No one laughs or applauds. I am dismissed, knowing I have done a cookie-cutter job.

The end of Choosing Week doesn’t conclude in a flourish like you might expect: Our country doesn’t have the resources. There’s no ceremony, no elaborate tradition, no rousing speech. There’s a thin, white envelope that comes in the mail on Friday, stamped with the official ink of the Council and addressed to one Emily Hudgens, 212 Primley Road. I know from my brother’s experience last year that I will be told to immediately report to my new position. After all, the whole point of this process is that the Council needs workers, as soon as possible.

The paper feels damp in my hands, like it has passed through many fingertips in order to get to my family home and deliver my fate. My brother leans over to open the letter himself—he says I am doing it too slowly—but my parents swat him away, though I can tell they are just as eager. They watch with baited breath as I read through the message.

It’s only four lines long.

It states my name.

It thanks me for my (forced) participation.

It states the address of my new workplace.

And it announces my position.

My parents don’t have time to ask questions, too stunned by what I have read aloud, before I hop in the car to drive to my new everyday spot. My hands shake on the wheel. As the glass doors of my office revolve, I think of the medical student who became a model. I wonder if she felt as alive as I do now.

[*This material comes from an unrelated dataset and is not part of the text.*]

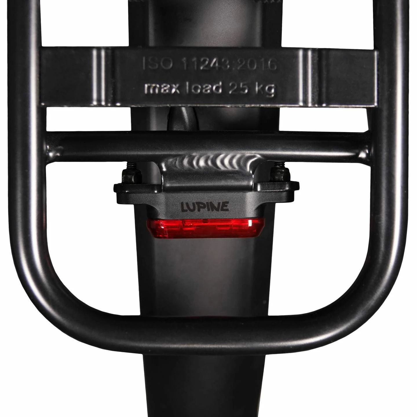 Taille minimale et visibilité maximale: telle est la promesse du Feu arrière Lupine C14 G BL pour porte-bagages de vélo électrique. Feu arrière vélo équipé de 14 LED puissantes, d’un excellent système de lentilles et d’une fonction « feu stop ». Un capteur d’accélération intégré détecte les processus de freinage et fait s’éclairer brièvement le feu arrière Lupine C14. Vous êtes ainsi encore plus en sécurité sur votre vélo électrique. Le feu stop et le feu arrière se montent discrètement sur le porte-bagages avec entraxe 50 mm. Pour que vous puissiez compter à tout moment sur votre feu arrière, le feu arrière Lupine C14 est 100% étanche et fabriqué en aluminium usiné CNC, combiné avec du polycarbonate robuste.

“Hey!” One of my colleagues calls out as I make my way across the floor. “There’s the new girl who can rhyme!”

I tip my head at him with a broad grin. A way with words. The girl next to me chatters about how they heard all about my little show on Monday, and I can’t help but feel that the Council has rewarded me, after all. I remember how I hoped before I was taught the right way to hope.

There’s nothing on my desk but a fountain pen, a stack of empty pages that I itch to fill with dreams, and a name card that admits what I have been too scared to admit all along.

“Emily Hudgens,” the sign reads. “Writer.”